# To tell, or not to tell...the family of the cheating husband



## Mary1214 (Mar 19, 2013)

Hi Everyone,
I would love to hear opinions on whether or not to tell the family of my cheating husband why I am leaving him. I am really close with his family, but I don't know if it is overstepping my boundaries if I tell his family. I don't want them to hate me, and I'm sure he is going to feed them some bullcrap about what a horrible person I am and make up some other sorry excuse for why I am leaving. 

Thanks in advance!!:scratchhead:


----------



## Affaircare (Jan 11, 2010)

Mary, 

I can only speak from my experience. When my exH left me, our kids and our business to move to another state with his mistress, he didn't tell anyone anything. He SURELY did not tell his family he had been cheating on me! So a few days after he disappeared, his mom called and asked if I knew where he was. I did tell her the truth but did not drag his name through the mud or rant and rave. I said, "I have not had confirmation but I do believe I know where he is. <name> has been having an affair with a woman and he told me it was between him and I so I had not said anything. I believe he has moved to <state> to be with her." 

Namely, I kept it factual and didn't speak in anger, but also was no longer going to hide what he was doing to help him do it better.
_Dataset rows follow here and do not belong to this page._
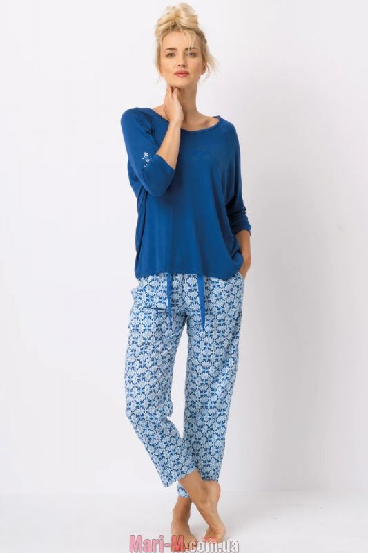 Женская пижама из вискозы LNS 721 A25 Key. Удобная женственная пижама. В комплект входит однотонная свободная блуза из легкого и приятного вискозного трикотажа синего цвета и укороченные брюки из вискозного полотна с графичным растительным принтом. Блузка с широкими рукавами-реглан длиной ¾, по низу с манжетами. Рукава украшены небольшим принтом. Широкий V-образным вырез горловины отделан узким кантом. Брюки с удобными боковыми карманами, в поясе широкая комфортная резинка и атласная лента на кулиске. Штанины немного заужены к низу. Состав: блуза - 95% вискоза, 5% эластан; брюки - 100% вискоза.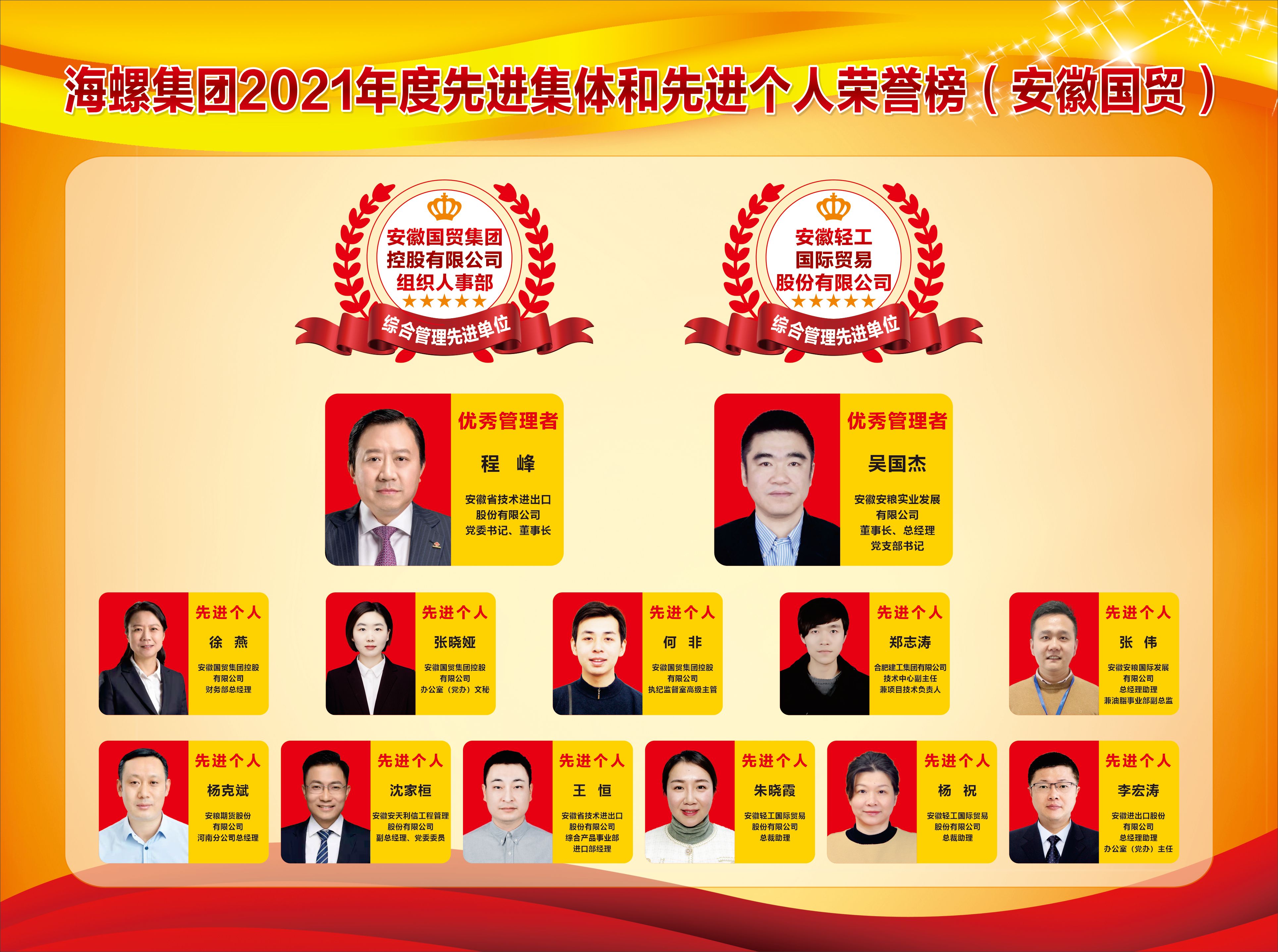 海螺集团2021年度先进集体和先进个人荣誉榜(安徽国贸)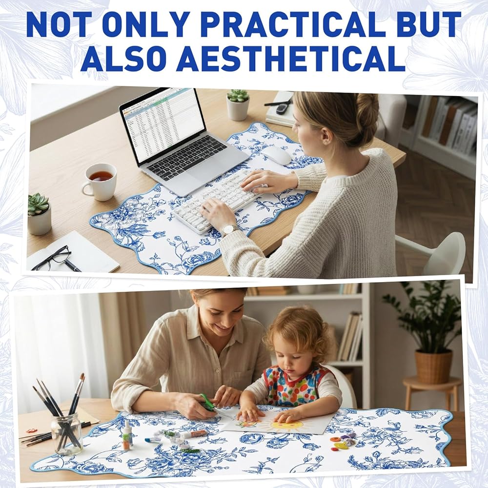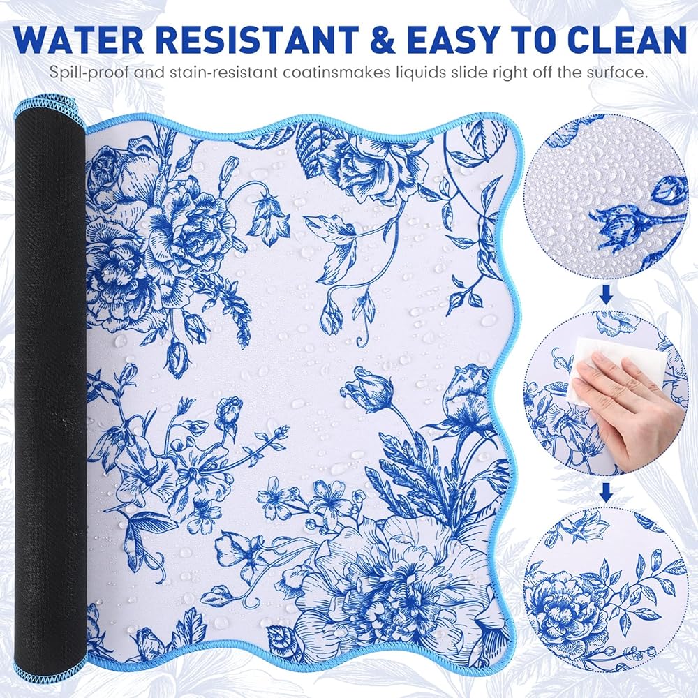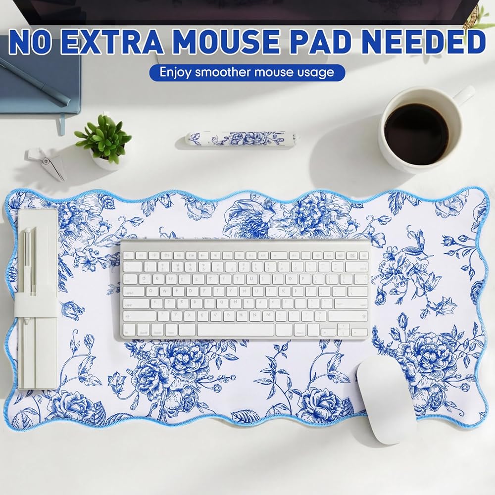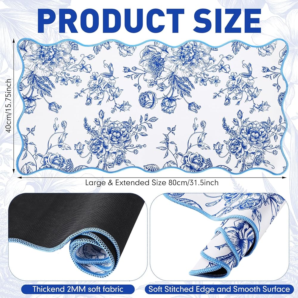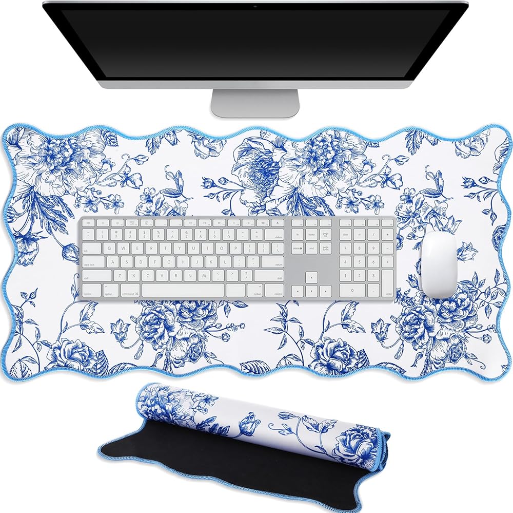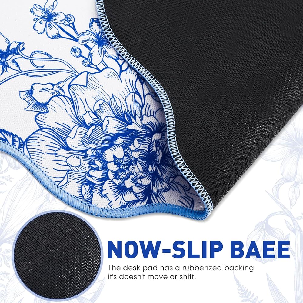 Elevate your desktop aesthetics with our desk mat for desktop, featuring a captivating blue-and-white floral pattern. The vibrant colors, resistant to fading, scratching, and peeling, offer a personalized touch while maintaining functionality. This large mouse pad for desk not only protects your surface but also highlights your unique style, making it an essential addition to any workspace.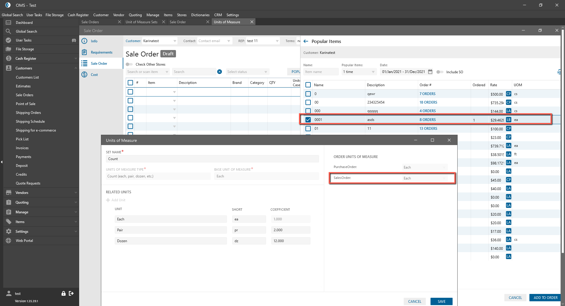 - Create Sale Order with UOM item -> Select Customer In the item edit form -> For item is selected Count Unit of Measure Set;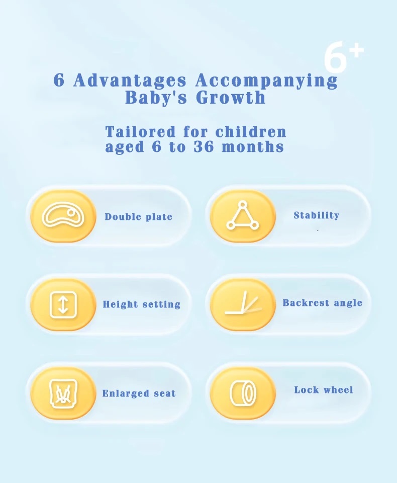 • Phù hợp cho bé từ 6 tháng đến 3 tuổi (tối đa 15 kg) • Thiết kế ổn định với khung kim loại vững chắc, chân ghế có đệm chống trượt •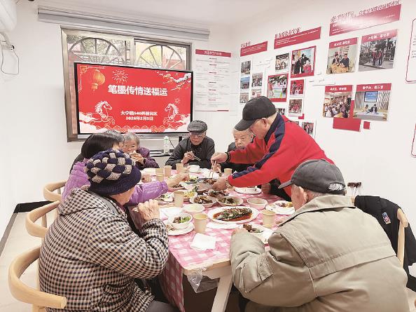 “这道红烧羊肉味道老灵额,比饭店里的还要好吃!”老人们品尝着可口的饭菜,连连夸赞。居委工作人员和老伙伴志愿者们忙着传菜、夹菜、倒热饮,时不时与老人们聊聊养生秘笈,叮嘱他们注意保暖。餐桌旁,两位老党员泼墨挥毫,书写一张张“福”字,连同泰隆银行提供的福袋,一并赠送给每位老人。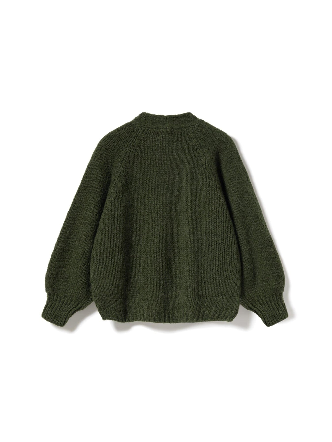 Stickad cardigan från Noella i mörkgrön. Den har en lös passform med puffärmar och öppen front, stickad i en blandning av akryl, ull, nylon och mohair.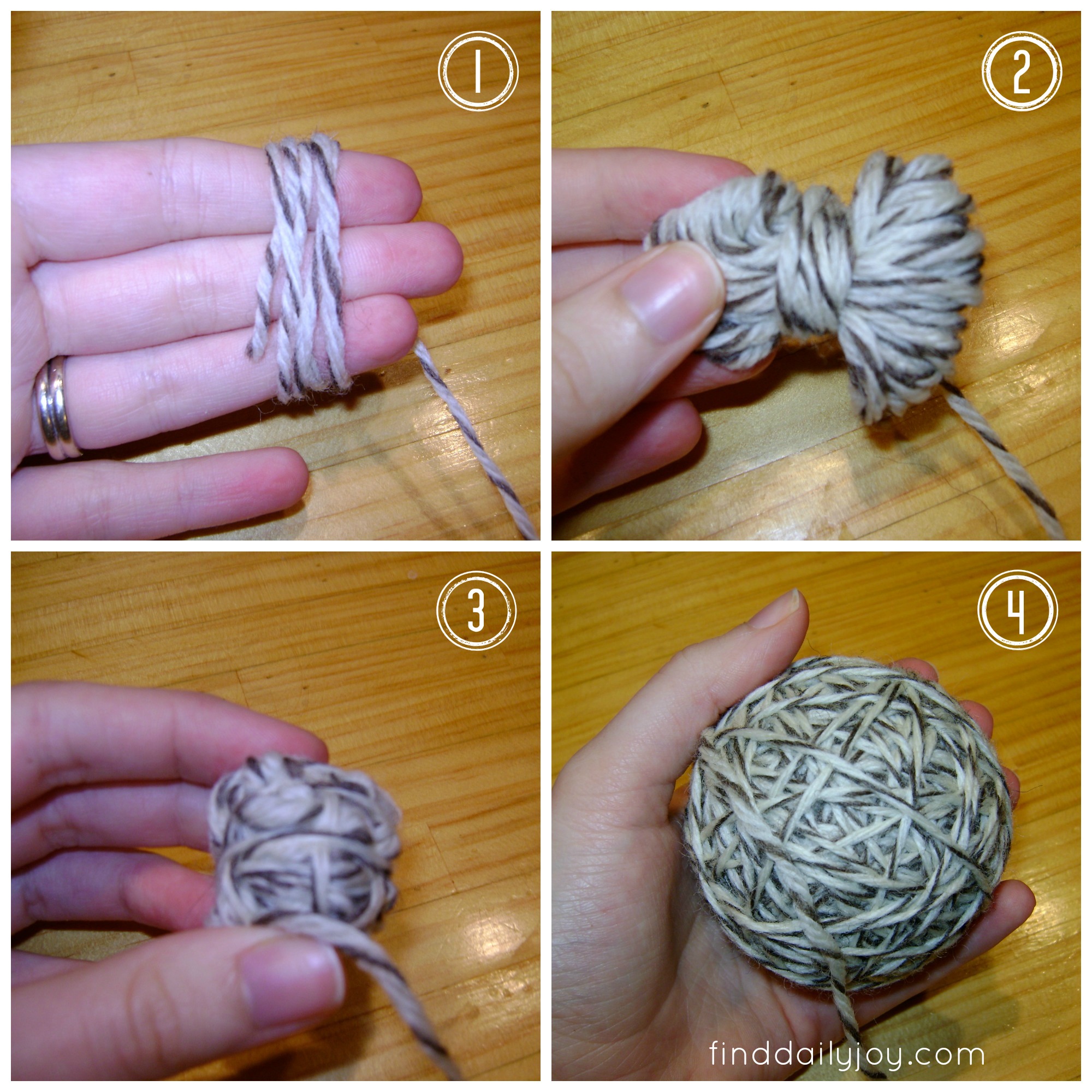 3. Fold the loops of yarn in half to form the core of your ball and start to wrap the yarn around the outside.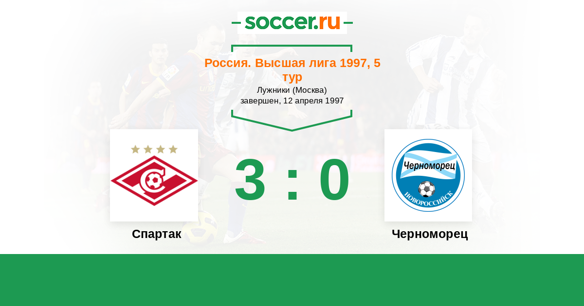 Россия. Премьер-Лига 23.09.1997 Черноморец Логотип футбольный клуб Черноморец (Новороссийск) 1:0 Логотип футбольный клуб Спартак (Москва) Спартак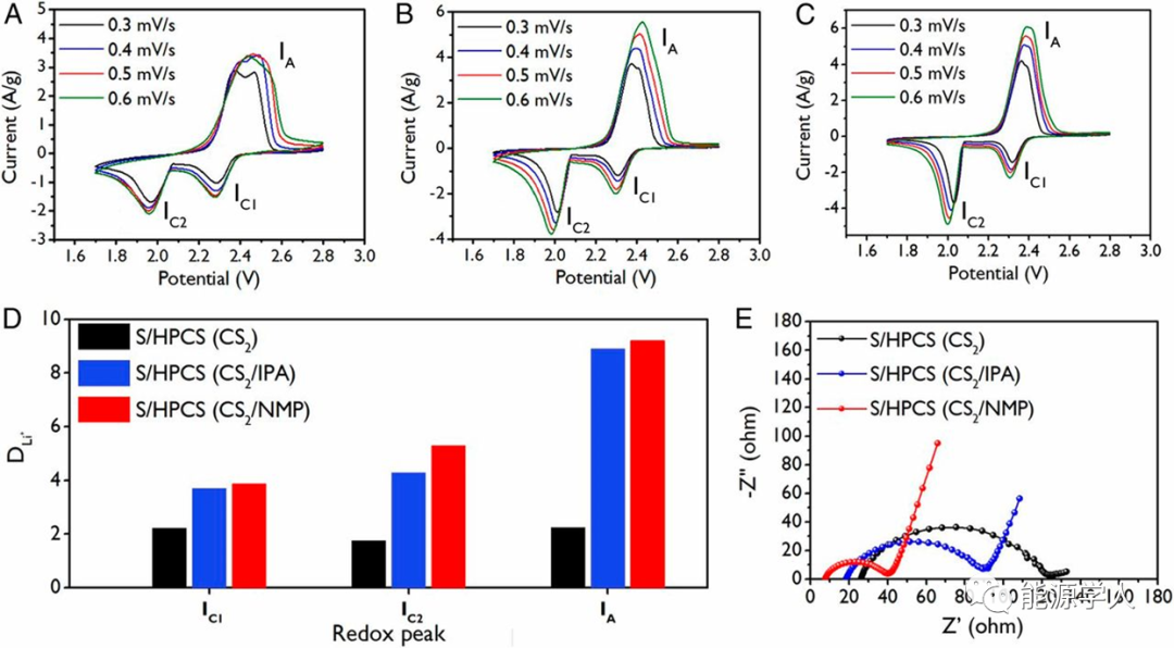 圖3(A)S/HPCS(CS2),(B)S/HPCS(CS2/IPA)和(C)S/HPCS(CS2/NMP)正極的CV圖。(D)每個正極和負極反應的鋰離子相對擴散速率。(E) S/HPCS(CS2)、S/HPCS(CS2/IPA)和S/HPCS(CS2/NMP)正極的Nyquist圖。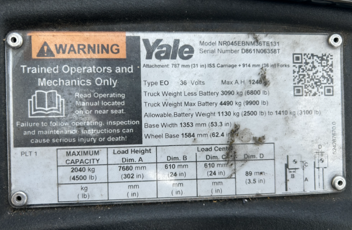 This offering presents a fleet of five matching 2019 Yale NR045 electric narrow-aisle reach trucks—including serial numbers D861N06341T (2,589 hrs), D861N06345T (2,607 hrs), D861N06346T (2,511 hrs), D861N06355T (2,998 hrs), and D861N06358T (2,500 hrs)—providing a rare opportunity to standardize your warehouse operations with consistent, high-performance equipment. Each unit is engineered for high-density racking environments with a robust 4,500 lb lift capacity and a reliable 36-volt power system. These reach trucks are equipped with specialized duplex masts offering an impressive 302" maximum lift height and a 131" lowered height for easy transitions through standard clearances, while integrated sideshift and smooth-rolling cushion wheels ensure precise pallet handling and indoor maneuverability. With exceptionally low original hours across the entire group and uniform specifications, this Houston, TX-based fleet represents a premium, turn-key solution for any facility looking to immediately upgrade its vertical storage capabilities with Yale's industry-leading narrow-aisle technology.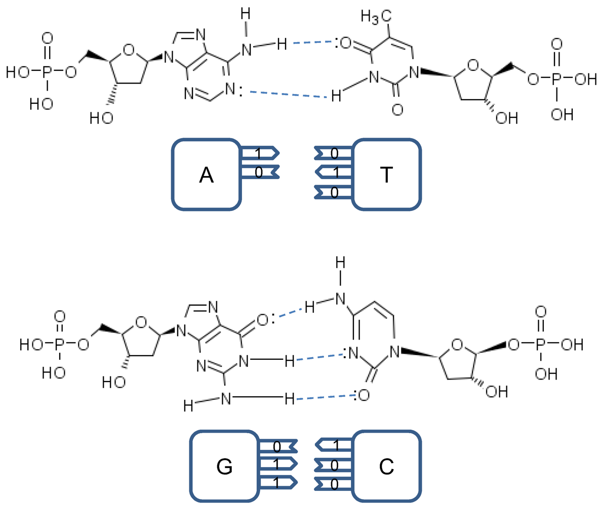 Standard nucleic acids’ pairing together with schematic representation. In schematic representation the symbol 1 is used to denote the “donor” of a proton, while symbol 0 to denote “acceptor” of a proton.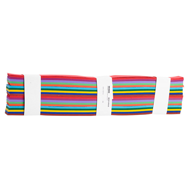 Great for paper weaving, garlands and more. The thinnest size (10mm) works for quilling. The widest size (60mm) is also perfect for making coloured crowns. These strips are 50 cm long. Packed in packs of 500 strips in 10 colours, available in 5 widths.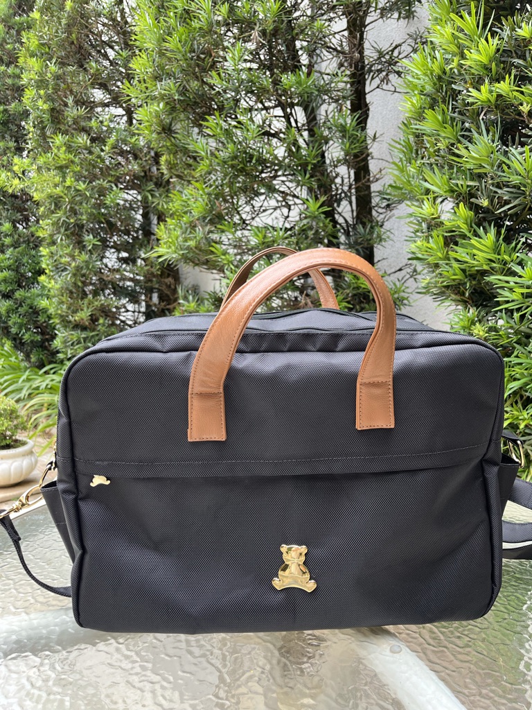 Mala maternidade tem uma modelagem moderna, ideal também para mães de gêmeos, em nyon impermeável.

If he wanted to cheat that's his choice but he'd be doing it in broad daylight rather than in secret.


----------



## verpin zal (Feb 23, 2013)

If they will hate you because of your husband's actions, start running now. Nobody comes up with some story of infidelity out of the blue.


----------



## Mary1214 (Mar 19, 2013)

I know they won't hate me. They already have a good idea of what type of person he is and I know they will always love me as I will them. I just don't want them to think that I am "trashing" him. I don't know if it is inappropriate for me to involve them.


----------



## Affaircare (Jan 11, 2010)

Here's the way I see it, Mary. You are not "trashing him." You are speaking the truth as factually as you can. It is his ACTIONS that are "trashing him." Make sense? You just tell them a statement like "I wanted you to know we are divorcing because I found out he was cheating. I would have considered reconciliation if he stopped cheating but he did not want to do that. I love you and will always consider you family by choice, but sadly we won't be family by blood any longer."


----------



## Shaggy (Jul 17, 2011)

Tell them, especially if they came to the wedding


----------